Yapmak kadar satabilmek de önemli. Satabilmenin yarısı o ürünün kendini kanıtlamışlığı, yarısı da siyasi ve diplomatik gücünüz ile alakalı desem, yanlış olmaz sanırım.
Kesinlikle öyle. Şu an mesela Pakistan'a ATAK helikopteri satamıyoruz 3 yıldır. Neden? Çünkü ABD lisans vermeyip satamazsın diyor. Adamlar almak istiyor, biz satmak istiyoruz ama ortadaki ABD herkese hayır, ben kabul etmezsem olmaz diyor. Satma konusunda problem çıkaramadığı silahlarımızı isteyen ülkelere güzelce pazarlayabiliyoruz.

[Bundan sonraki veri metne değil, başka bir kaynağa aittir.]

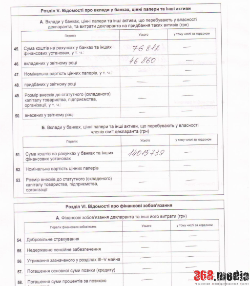 Семья у Рыбакова большая – жена и три ребенка. Правда, основные расходы по содержанию детей лежат на его супруги. В 2013 году налоговик заработал всего 48,4 тыс. гривен. Еще пять тысяч он получил в виде процентов от банковского вклада в 76,8 тыс. гривен.

Afrika ülkelerinden Avrupa'ya, Avrupa'dan Orta Doğu'ya, Asya'ya kadar birçok ülkeye kara aracından, gemiye kadar birçok silah satıyoruz. Eskiden ödenen bedellerin ve çekilen acıların karşılığını günümüzde bir miktar almaya başladık, bir şekilde çarkımız dönüyor.
Gelecek 10-20 yılda MİLGEM'ler çoğalıp, yeni denizaltılarımız envantere girecek. Füze konusunda dışarıya bağımlılık bitme noktasına gelecek, ki 2021 füze konusunda çok güzel bir yıldı. Hava savunması oturan bir Türkiye olacak ve hava sahasını sadece muharip uçaklarla korumayacak. Umarım MİUS'u ve MMU'su da uçan bir Türkiye olacak. Atak son faz da devreye girecek. Silahlı Hürkuş gelecek. Gelecek de gelecek, say say bitmez...
Yunanistan'ın sidik yarıştırdığı Türkiye'nin 20 yıllık planı Yunanistan'a tokat gibi vuracak ama her zamanki gibi günü kurtarmak için abilerinden aldıkları silahlarla yarışa girdiler, yarınlarını düşünmüyorlar. Biz ise savunma sanayimizi yarınlara uygun bir şekilde geliştiriyoruz. Bu çok önemli bir detay.